What to produce →
Search term "moderno": please copy every line of the records below that contains it.

Provided entries →

━━━━━━━━

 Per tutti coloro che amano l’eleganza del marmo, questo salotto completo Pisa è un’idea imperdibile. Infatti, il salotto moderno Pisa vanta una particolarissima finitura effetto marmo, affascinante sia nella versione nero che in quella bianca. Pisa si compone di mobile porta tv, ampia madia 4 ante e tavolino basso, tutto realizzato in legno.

━━━━━━━━

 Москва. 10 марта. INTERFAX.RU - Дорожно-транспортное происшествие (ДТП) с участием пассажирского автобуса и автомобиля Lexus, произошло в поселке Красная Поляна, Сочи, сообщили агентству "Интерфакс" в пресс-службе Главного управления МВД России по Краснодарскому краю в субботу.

━━━━━━━━

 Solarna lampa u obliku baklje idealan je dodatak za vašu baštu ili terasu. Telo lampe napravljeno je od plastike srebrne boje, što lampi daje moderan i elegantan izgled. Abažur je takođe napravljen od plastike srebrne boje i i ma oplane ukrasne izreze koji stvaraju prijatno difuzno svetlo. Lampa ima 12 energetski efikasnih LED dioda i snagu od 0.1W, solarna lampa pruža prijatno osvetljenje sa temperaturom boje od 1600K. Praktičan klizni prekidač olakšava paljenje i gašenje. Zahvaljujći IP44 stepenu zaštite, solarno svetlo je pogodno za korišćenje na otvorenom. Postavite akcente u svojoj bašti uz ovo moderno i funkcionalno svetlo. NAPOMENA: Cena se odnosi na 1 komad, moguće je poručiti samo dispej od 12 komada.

━━━━━━━━

Response box →
 Per tutti coloro che amano l’eleganza del marmo, questo salotto completo Pisa è un’idea imperdibile. Infatti, il salotto moderno Pisa vanta una particolarissima finitura effetto marmo, affascinante sia nella versione nero che in quella bianca. Pisa si compone di mobile porta tv, ampia madia 4 ante e tavolino basso, tutto realizzato in legno.
 Solarna lampa u obliku baklje idealan je dodatak za vašu baštu ili terasu. Telo lampe napravljeno je od plastike srebrne boje, što lampi daje moderan i elegantan izgled. Abažur je takođe napravljen od plastike srebrne boje i i ma oplane ukrasne izreze koji stvaraju prijatno difuzno svetlo. Lampa ima 12 energetski efikasnih LED dioda i snagu od 0.1W, solarna lampa pruža prijatno osvetljenje sa temperaturom boje od 1600K. Praktičan klizni prekidač olakšava paljenje i gašenje. Zahvaljujći IP44 stepenu zaštite, solarno svetlo je pogodno za korišćenje na otvorenom. Postavite akcente u svojoj bašti uz ovo moderno i funkcionalno svetlo. NAPOMENA: Cena se odnosi na 1 komad, moguće je poručiti samo dispej od 12 komada.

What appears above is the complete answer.